Looking at the effects of international restructuring strategies on the poor, the increasing control trans-national corporations exert over world health, and the impact of U.S. drug policy on global inequality, Dying for Growth debunks the myths of global capitalism, including:

Myth: Throwing loans at developing nations will cure poverty.

Fact: As shown in "Sickness Amidst Recovery: Public Debt and Private Suffering in a Peruvian Shanty Town", loans can make things worse.

Myth: Getting rid of big government automatically improves the standard of living.

Fact: Cutting services can lead to calamity, as detailed in "Neoliberal Economic Policy, State Desertion and the Russian Health Crisis". Myth: The free market is a panacea.

Fact: There's nothing liberating about modern capitalism, as demonstrated in "'Todo Bajo Control': The Costs of 'Free' Trade to Mexican Maquiladora Workers".

Dying for Growth concludes with an extensive section on alternatives to standard models.

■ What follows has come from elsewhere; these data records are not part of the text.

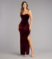 Made to mesmerize. the Sloane velvet column dress exudes understated allure with its sleek draping and lace-up back detail. Designed to hug your shape and glide with every step. it's the definition of soft glam done right.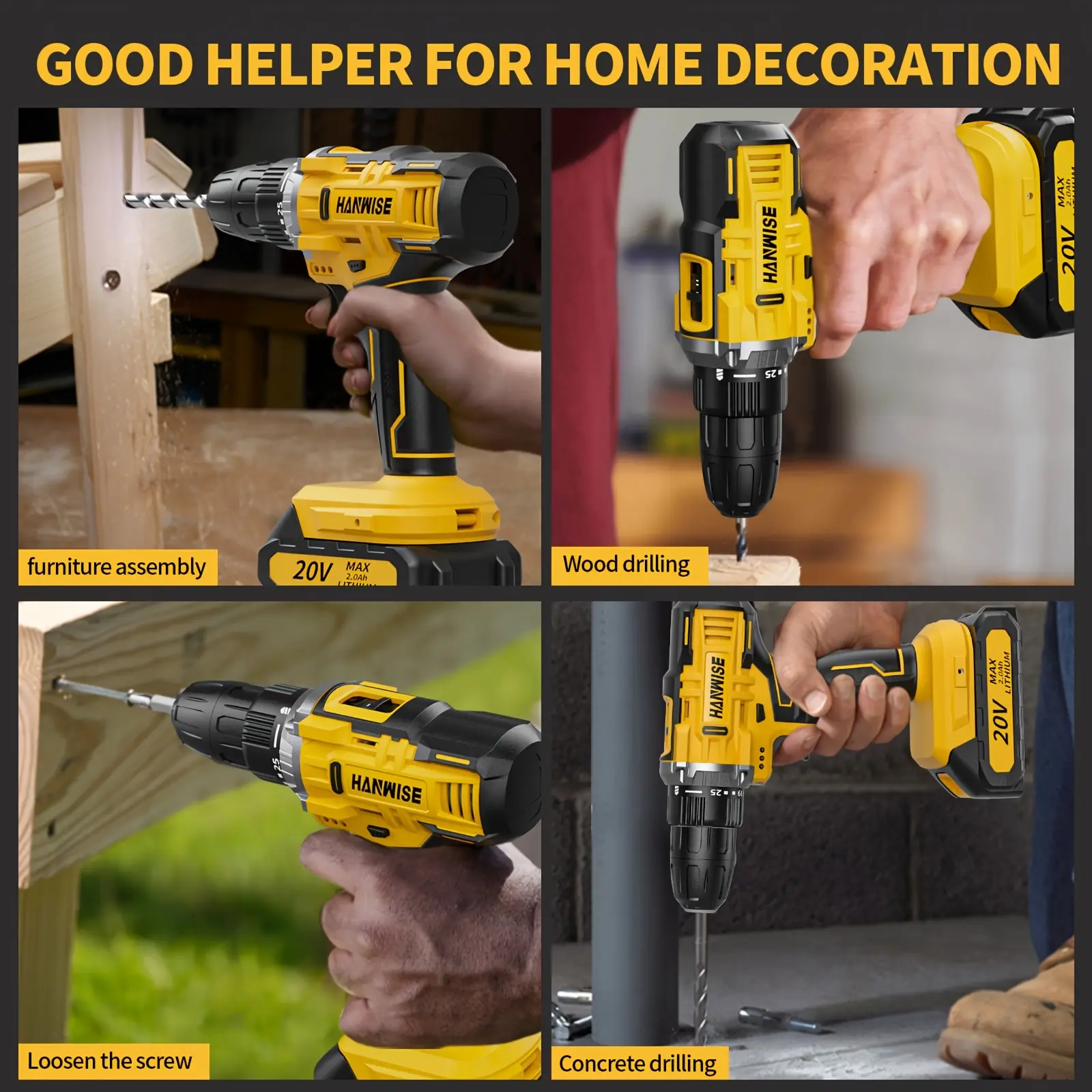Wireless Lithium Drill Set With 20V/12V Options, Featuring LED Light And 25+1 Adjustable Torque Settings. Essential For Home RepairsAnd DIY Projects, An Excellent Choice As A Gift., Construction Work, Household Maintenance, Power Drill Set.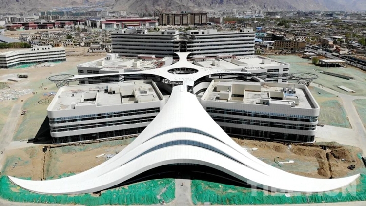 中國西藏網(wǎng)訊 挖掘機的轟鳴聲、鋼管的碰撞聲,走進西藏自治區(qū)醫(yī)院項目施工現(xiàn)場,一派忙碌的景象。從空中俯瞰,建設(shè)中的西藏自治區(qū)醫(yī)院外形宛如一朵格?;?,目前正進行室內(nèi)裝修和機電安裝。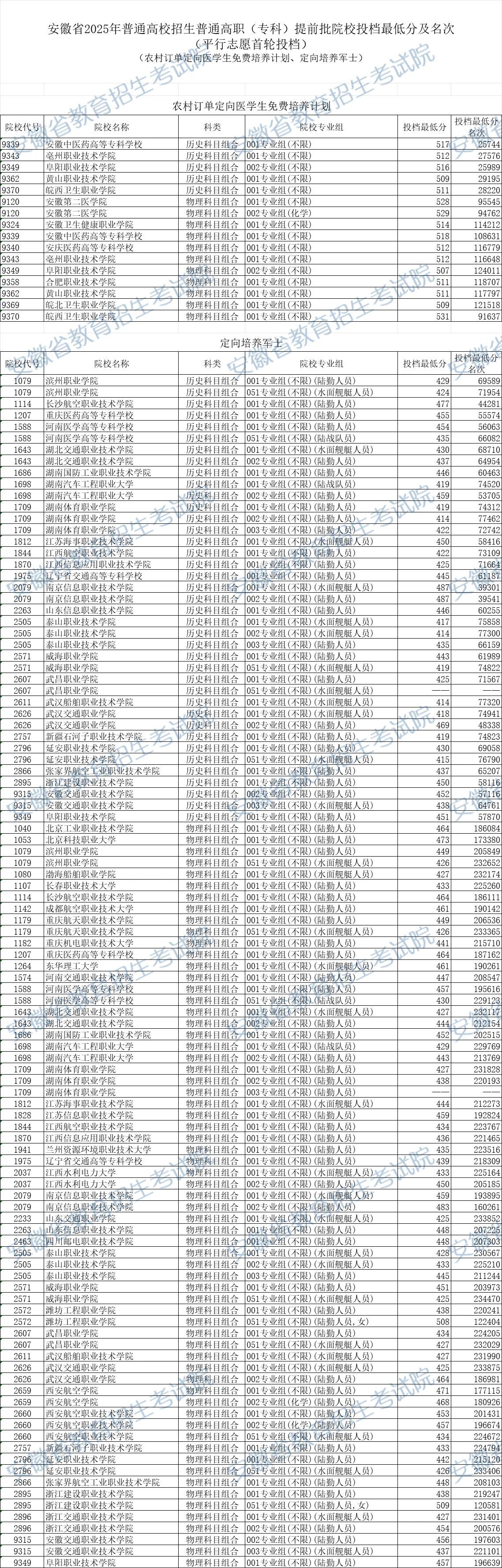 安徽省2025年普通高校招生普通高职(专科)提前批院校投档最低分及名次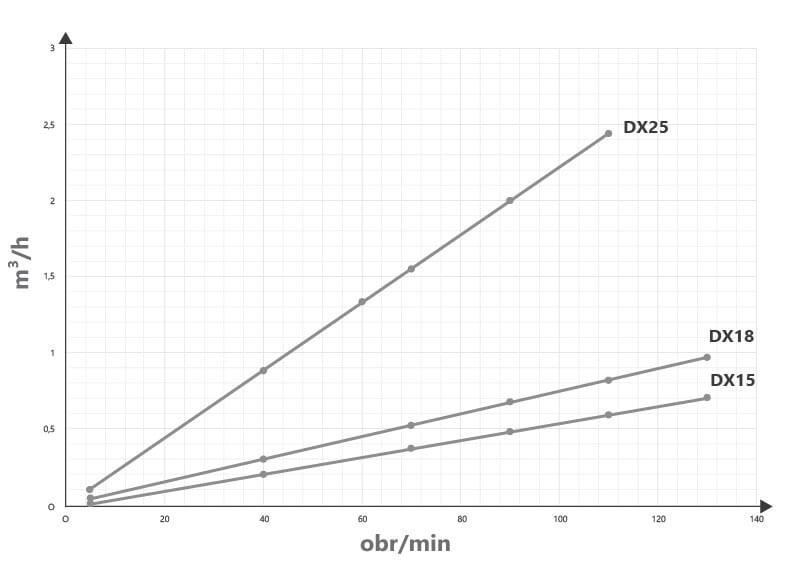 Pompy perystaltyczne o niskich prędkościach roboczych są idealne do produktów delikatnych lub ściernych. Transfer cieczy w pompie perystaltycznej odbywa się wewnątrz węża bez mieszania lub spieniania płynów. Dzięki minimalizacji kontaktu elementów wewnętrznych z pompowanym medium (tylko wąż ma kontakt z cieczą), pompy tego typu są doskonałym rozwiązaniem do przenoszenia produktów korozyjnych. To wszystko sprawia, że te proste w obsłudze i konserwacji pompy perystaltyczne serii DX są doskonale przystosowane do różnych wymagających warunków pracy. Pompy serii DX posiadają także doskonałe właściwości samozasysające – nawet do 9 m – oraz mogą pracować na sucho.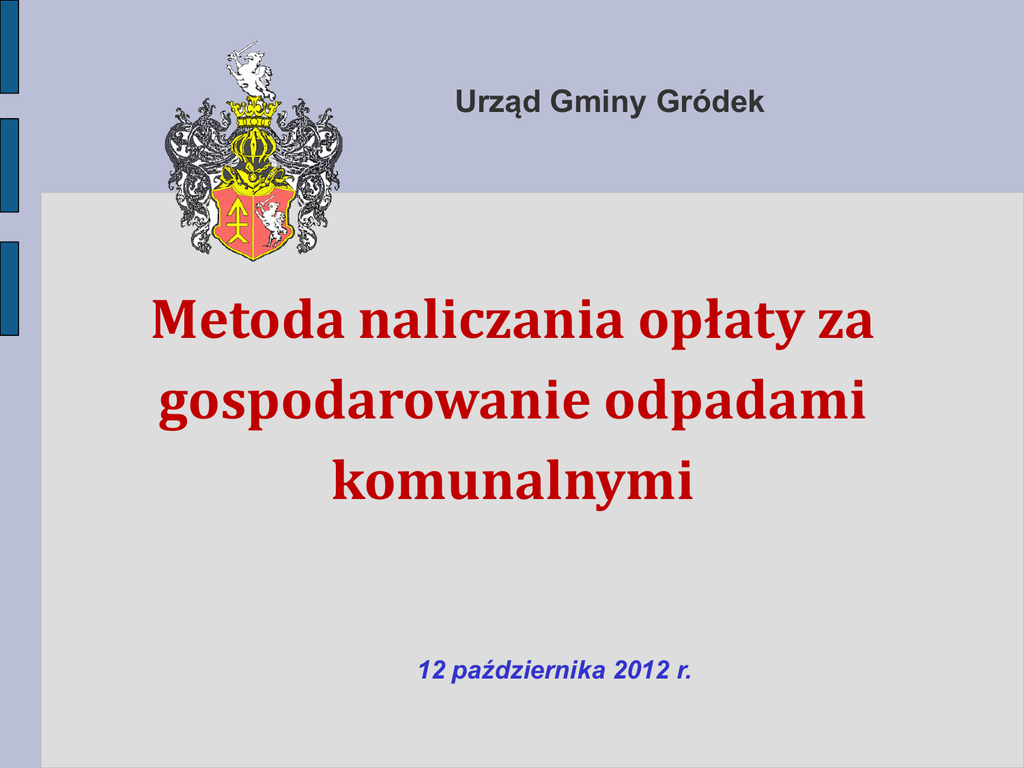 Urząd Gminy Gródek Metoda naliczania opłaty za gospodarowanie odpadami komunalnymi 12 października 2012 r. Ustawa z dnia 13 września 1996 r. o utrzymaniu czystości i porządku w gminach (Dz. U. z 2012 r. poz. 391) Ustawa z dnia 1 lipca 2011 r. o zmianie ustawy o utrzymaniu czystości i porządku w gminach oraz o zmianie niektórych innych ustaw (Dz. U. z 2011 r. Nr 152, poz. 897) Główne tezy zmian Gmina obejmuje wszystkich właścicieli nieruchomości na swoim terenie systemem gospodarowania odpadami komunalnymi, w tym jest obowiązana do zorganizowania odbierania odpadów od właścicieli nieruchomości, na której zamieszkują mieszkańcy. Główne tezy zmian Właściciele zamieszkiwanych nieruchomości nie będą podpisywać indywidualnych umów na odbieranie odpadów komunalnych z podmiotami prowadzącymi działalność w tym zakresie - obowiązek zorganizowania odbierania odpadów z tych nieruchomości przechodzi na gminę. Główne tezy zmian Wprowadzenie opłaty za gospodarowanie odpadami komunalnymi. Rada gminy będzie określała stawki opłaty za gospodarowanie odpadami komunalnymi, termin, częstotliwość i sposób uiszczania, także szczegółowy sposób świadczenia usług na rzecz właścicieli nieruchomości w zakresie odbierania i zagospodarowania odpadów komunalnych. Główne tezy zmian Opłata za gospodarowanie odpadami komunalnymi, jest przeznaczona na pokrycie przez gminę kosztów funkcjonowania systemu gospodarowania odpadami komunalnymi, z uwzględnieniem kosztów odbierania, transportu, zbierania, odzysku i unieszkodliwiania odpadów komunalnych; tworzenia i utrzymania punktów selektywnego zbierania odpadów komunalnych; obsługi administracyjnej tego systemu. OPŁATA ZA GOSPODAROWANIE ODPADAMI KOMUNALNYMI Opłata za gospodarowanie odpadami komunalnymi Obowiązek ponoszenia opłaty za gospodarowanie odpadami komunalnymi na rzecz gminy ciąży na właścicielach nieruchomości, na których: zamieszkują mieszkańcy; nie zamieszkują mieszkańcy - jeżeli rada gminy postanowiła, w drodze uchwały stanowiącej akt prawa miejscowego, o odbieraniu od nich odpadów komunalnych Opłata za gospodarowanie odpadami komunalnymi Obowiązek ponoszenia opłaty za gospodarowanie odpadami komunalnymi powstaje: 1) w przypadku zamieszkiwanych nieruchomości – za każdy miesiąc, w którym na danej nieruchomości zamieszkuje mieszkaniec; 2) w przypadku nieruchomości , na których jest prowadzona działalność – za każdy miesiąc, w którym na danej nieruchomości powstały odpady komunalne. Podstawa naliczania opłaty dla mieszkańców : liczba mieszkańców zamieszkujących daną nieruchomość, albo ilość zużytej wody z danej nieruchomości, albo powierzchnia lokalu mieszkalnego X stawka opłaty uchwalona przez radę gminy Możliwość uchwalenia jednej stawki opłaty (tzw. ryczałt) za gospodarowanie odpadami komunalnymi od gospodarstwa domowego Wybór podstawy naliczania opłaty należy do rady gminy. RG może wybrać tylko jedną metodę naliczania opłaty od mieszkańców Nie można łączyć metod! Dane stanowiące podstawę naliczania opłat będą wynikać ze złożonych przez właścicieli nieruchomości deklaracji o wysokości opłaty za gospodarowanie odpadami komunalnymi Analiza możliwych metod naliczania opłat za gospodarowanie odpadami komunalnymi Metoda od mieszkańca – Definicja Brak definicji mieszkańca w ustawie o utrzymaniu czystości i porządku w gminach zamieszkały – „mieszkający gdzieś stale, osiadły gdzieś” miejsce zamieszkania – miejscowość, w której osoba przybywa z zamiarem stałego pobytu – art. 25 Kodeksu cywilnego pobyt stały – zamieszkanie w określonej miejscowości pod oznaczonym adresem z zamiarem stałego przebywania – ustawa o ewidencji ludności Zameldowany ≠ Zamieszkały Metoda od mieszkańca – Zalety metoda zapewnia rzeczywiste wyliczenie opłaty, zgodność z zasadą „zanieczyszczający płaci”; najwyższa akceptowalność społeczna – opłata dotyczy każdego mieszkańca w równym stopniu; niezależna od uwarunkowań lokalnych, poziomu zwodociągowania, możliwa do wprowadzenia w każdej gminie; statystycznie przekłada się na ilość wytwarzanych odpadów do 1/01/2014r. możemy bazować na rejestrach mieszkańców – ewidencja meldunkowa (baza PESEL) Metoda od mieszkańca – Wady nieszczelność systemu – ilość mieszkańców możliwa do określenia wyłącznie na podstawie deklaracji o wysokości opłaty, trudność w ustaleniu liczby osób przebywającej w danej nieruchomości (np. wynajmujący stancje, nie zameldowani) i jej weryfikacja, konieczność weryfikacji dodatkowych dokumentów potwierdzających prawdziwość informacji zawartych w deklaracji, czasochłonność na etapie analizowania deklaracji zmienna liczba mieszkańców zamieszkujących daną nieruchomość (migracje, urodzenia, zgony, małżeństwa) – konsekwencją ponowne deklaracje korygujące, zaniżona liczba osób (bez meldunków, wynajmujących stancje) spowoduje zawyżenie stawki opłaty, rezygnacja z obowiązku meldunkowego (2014 r.) – możliwe będzie tylko przybliżone określenie liczby mieszkańców, ustawa nie precyzuje definicji mieszkańca zamieszkującego daną nieruchomość oraz definicji zamieszkanie, brak efektywnych instrumentów prawnych do weryfikacji danych zawartych w deklaracjach pozwalających gminie na sprawdzenie jakie jest miejsce zamieszkania danej osoby bądź ilu mieszkańców zamieszkuje daną nieruchomość, dodatkowe ewidencje i kontrole celem weryfikacji deklaracji (wzrost zatrudnionych pracowników) - wyższe niż przy innych metodach koszty funkcjonowania systemu nie odzwierciedla wielkości konsumpcji – ilości wytwarzanych odpadów, niesprawiedliwa w przypadku dużych gospodarstw domowych np. rodzin wielodzietnych Metoda od powierzchni lokalu mieszkalnego – Definicja Brak definicji powierzchni lokalu mieszkalnego w ustawie o utrzymaniu czystości i porządku w g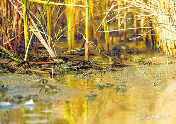 10月19日,福海县国家现代农业产业园,稻浪翻滚,满目金黄。围田而建的蟹沟里,“稻田蟹”悠闲自在。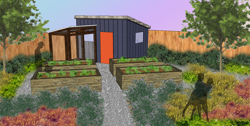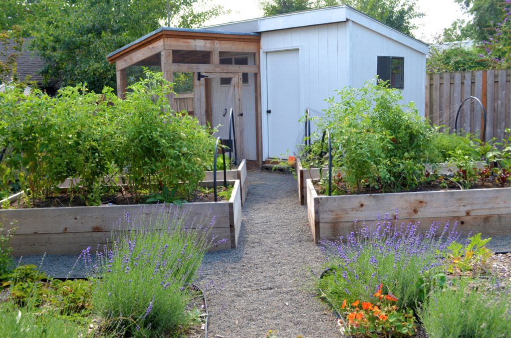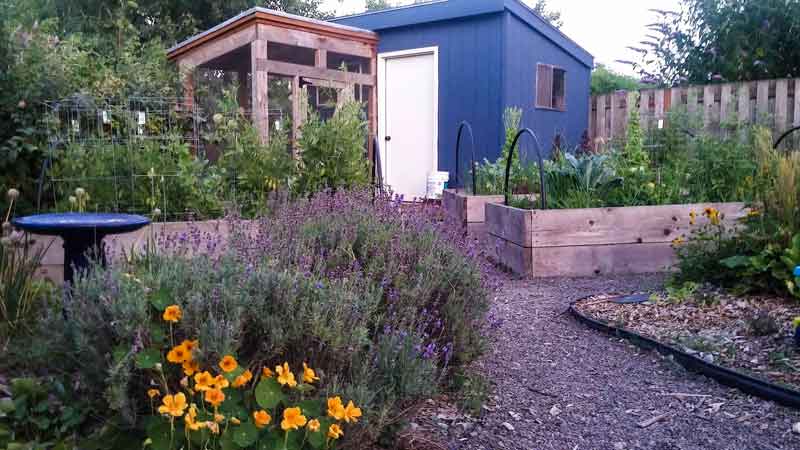 We began cutting sod and sheet mulching to rehab the nutrient-sapped, heavy clay soil. The first trees and large edible shrubs were planted well before our moving boxes were unpacked. My many years of homesteading and experience in landscape architecture helped the homestead take shape quickly. The major elements include larger raised beds, pergola/patio space, in-ground irrigation, crushed rock pathways, and a dilapidated outbuilding rebuilt into a combination chicken coop/garden shed.

Included is a chapter on health and revolution in Cuba, "The Threat of a Good Example", and a plan for action, "Pragmatic Solidarity: What You Can Do".

With passionrarely found in works of comparable analytic rigor, Dying for Growth tells the stories of people trapped in the machine of growth, and compels readers to recognize that the problem of inequality is not one of insufficient resources, nor even of inefficiency -- the problem is power.